Nietzsche et Wagner : je t'aime, moi non plus

Friedrich Nietzsche rencontre Wagner pour la première fois en 1868. Le philosophe n'a pas encore 25 ans, l'auteur de Lohengrin en a près de 55, soit parfaitement l'âge d'être un père pour lui qui est orphelin. Un an plus tard, le couple Wagner lui offre un bureau dans leur demeure, et accompagne le jeune homme tourmenté dans l'élaboration de La Naissance de la Tragédie (1872). Dédié à Richard Wagner, l'ouvrage célèbre le compositeur, le hisse au statut d'artiste parfait.

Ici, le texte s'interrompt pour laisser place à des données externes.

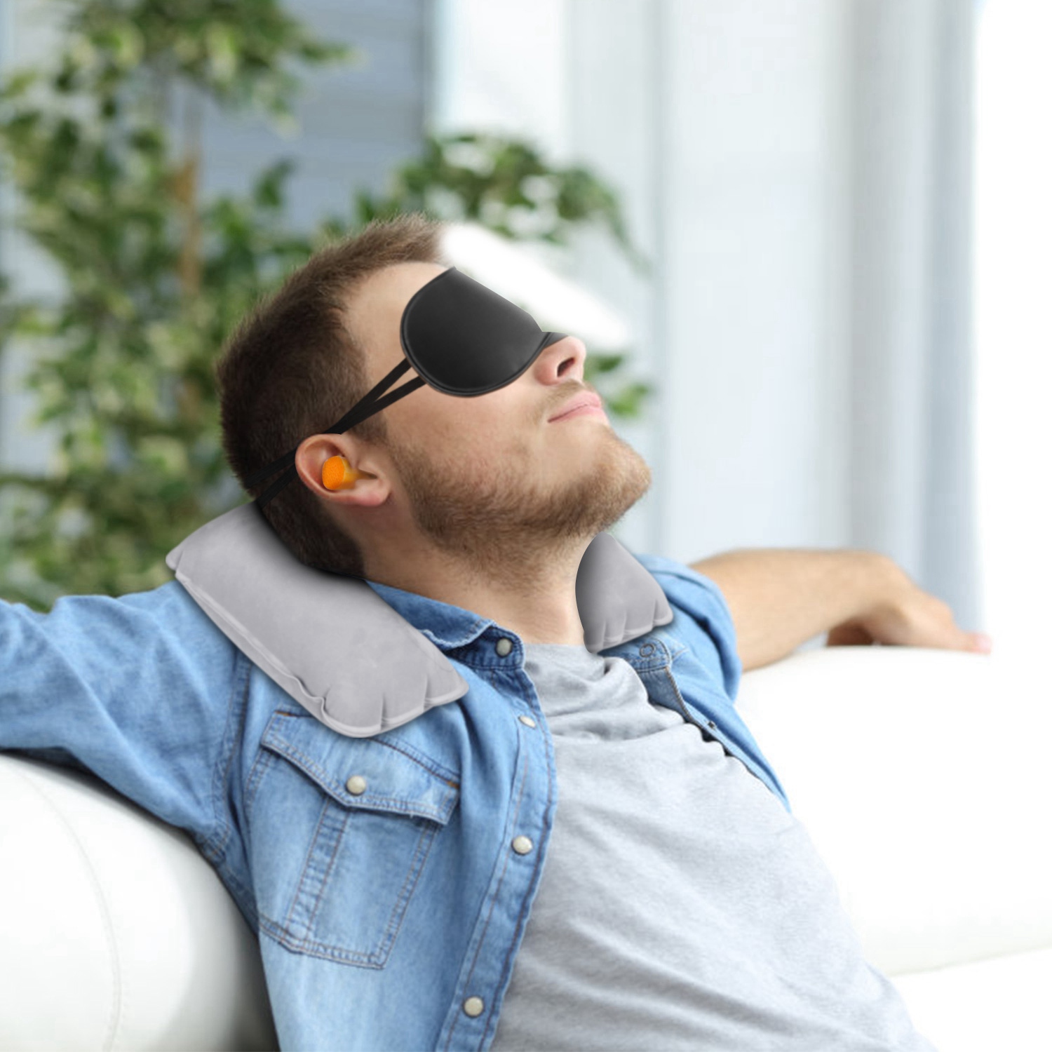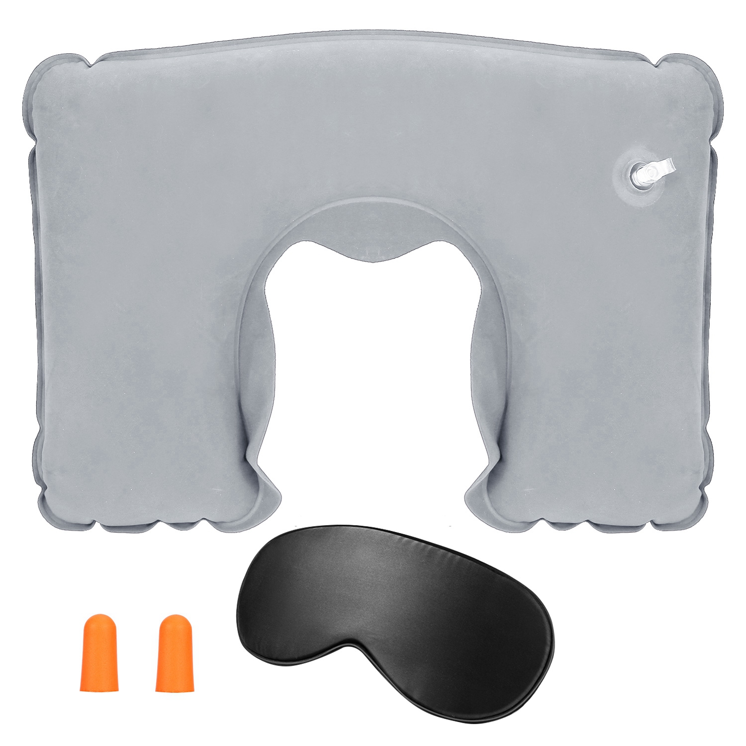 Our reliable inflatable U shape neck pillow, made from sturdy and durable PVC materials and adopting comfortable and skin-friendly flocking fabric on its surface, is an ideal pillow to help those who suffer from chronic neck, shoulder, or upper back pain, a reliable necessity prepared for your trip and having a noon nap on office chair, through helping maintain proper head and neck alignment to provide a comfortable sleeping posture. Additionally, the package includes one piece eye mask help block the light out and one pair of ear plugs to cut off the noise outside when sleeping. And 7 colors are available for your selection.

Attaqué par d'autres universitaires, mais aussi par certains artistes dont Franz Liszt, la carrière de Nietzsche prend sévèrement du plomb dans l'aile. Dès lors, la vénération quasi absolue du philosophe pour Wagner tend à se mesurer, avant d'être totalement renversée. Le torchon brûle en 1878, lorsque Nietzsche découvre le très chrétien opéra Parsifal : refusant de « ramper devant la croix », il s'émancipe définitivement des wagnériens en écrivant Humain, trop humain. Cette répulsion mêlée d'amour ne cessera ensuite de grandir, même après la mort de Wagner, et de l'accompagner dans sa folie, et ce jusqu'à sa mort. Nietzsche s'éteint d'ailleurs devant un texte contre Wagner, dans lequel on trouve cette phrase : « Je n'ai eu personne d'autre que Richard Wagner...».

Il crée Bayreuth, temple de l'art total (enfin, du Gesamtkunstwerk)

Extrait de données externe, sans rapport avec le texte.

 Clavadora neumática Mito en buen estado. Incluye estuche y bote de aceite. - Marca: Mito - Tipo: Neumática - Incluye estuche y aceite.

En 1872, la famille Wagner s'installe à Bayreuth, charmante petite bourgade de Franconie, et pose en mai la première pierre de son "Palais des festivals" (Festspielhaus) destiné à accueillir le Ring (sa trilogie avec prologue, composée de L'Or du Rhin, de Siegfried, de la Walkyrie et enfin du Crépuscule des Dieux) en 1876. Il veut alors donner naissance à une idée qu'il a en tête depuis plus de 20 ans : l'« oeuvre d'art totale ».

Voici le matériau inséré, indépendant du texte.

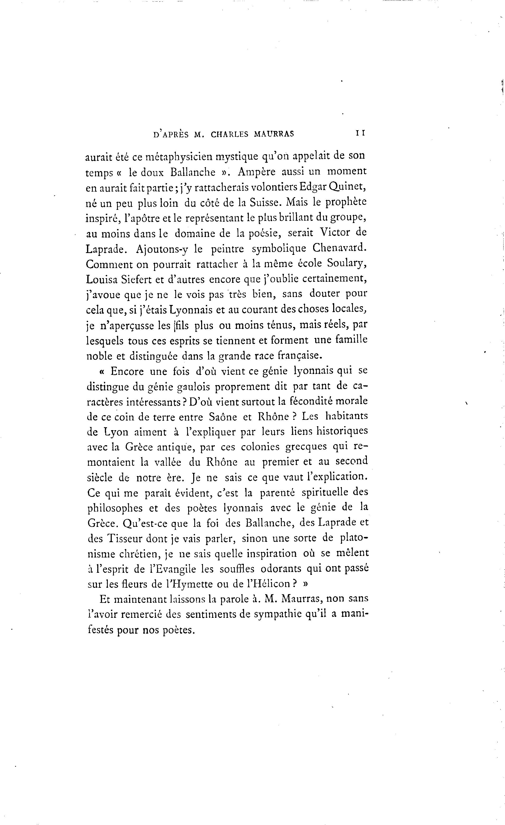 D'APRÈS M. CHARLES MAURRAS II aurait été ce métaphysicien mystique qu'on appelait de son temps « le doux Ballanche ». Ampère aussi un moment en aurait fait partie ; j'y rattacherais volontiers Edgar Quinet, né un peu plus loin du côté de la Suisse. Mais le prophète inspiré, l'apôtre et le représentant le plus brillant du groupe, au moins dans le domaine de la poésie, serait Victor de Laprade. Ajoutons-y le peintre symbolique Chenavard. Comment on pourrait rattacher à la même école Soulary, Louisa Siefert et d'autres encore que j'oublie certainement, j'avoue que je ne le vois pas très bien, sans douter pour cela que, si j'étais Lyonnais et au courant des choses locales, je n'aperçusse les [fils plus ou moins ténus, mais réels, par lesquels tous ces esprits se tiennent et forment une famille noble et distinguée dans la grande race française. « Encore une fois d'où vient ce génie lyonnais qui se distingue du génie gaulois proprement dit par tant de ca- ractères intéressants? D'où vient surtout la fécondité morale de ce coin de terre entre Saône et Rhône ? Les habitants de Lyon aiment à l'expliquer par leurs liens historiques avec la Grèce antique, par ces colonies grecques qui re- montaient la vallée du Rhône au premier et au second siècle de notre ère. Je ne sais ce que vaut l'explication. Ce qui me paraît évident, c'est la parenté spirituelle des philosophes et des poètes lyonnais avec le génie de la Grèce. Qu'est-ce que la foi des Ballanche, des Laprade et des Tisseur dont je vais parler, sinon une sorte de plato- nisme chrétien, je ne sais quelle inspiration où se mêlent à l'esprit de l'Evangile les souffles odorants qui ont passé sur les fleurs de THymette ou de l'Hélicon ? » Et maintenant laissons la parole à . M. Maurras, non sans l'avoir remercié des sentiments de sympathie qu'il a mani- festés pour nos poètes.

L'oeuvre d'art totale, ou Gesamtkunstwerk dans la langue de Goethe, repose sur l'union intime de la poésie, de la musique, de la danse - jusque là, rien de bien original pour un opéra - mais aussi de l'architecture et de la poésie. Devenu "oeuvre d'art totale", l'opéra wagnérien entre dans le temps du mythe, rompt avec le découpage traditionnel récitatif / aria au profit d'une mélodie infinie dans laquelle l'orchestre joue un rôle primordial. Les près de 15 heures du Ring (eh oui) en témoignent.

Admiré autant que détesté

Si Richard Wagner a profondément inspiré Bruckner, Mahler, ou encore « l'autre Richard », à savoir Richard Strauss, il a aussi sévèrement tapé sur les nerfs de nombreux compositeurs. Claude Debussy se définit un temps wagnérien, avant de parler du compositeur comme d'un « vieil empoisonneur » qui n'a « jamais servi la musique. Il n'a même pas servi l'Allemagne ». Quant à Rossini, une anecdote raconte qu'un de ses élèves le découvrit un jour en train de massacrer l'ouverture de Tannhaüser au piano. Alors que ledit élève s'étonne du résultat, Rossini aurait répondu : « J'ai aussi essayé avec les bonnes notes, mais cela ne sonne pas mieux ».

D'autres, qui le respectaient profondément, se sont également amusés à le parodier. C'est le cas de Gabriel Fauré et d'André Messager dans leurs Souvenirs de Bayreuth, paraphrase facétieuse pour piano de cinq thèmes du Ring. C'est le cas d'Emmanuel Chabrier qui fit de même, quelques années plus tard, avec cinq thèmes de Tristan et Isolde dans Souvenirs de Munich. Ces trois compositeurs tapent très gentiment sur la musique de Wagner, ces pièces pour piano faisant d'ailleurs le régal des Wagnériens eux-mêmes.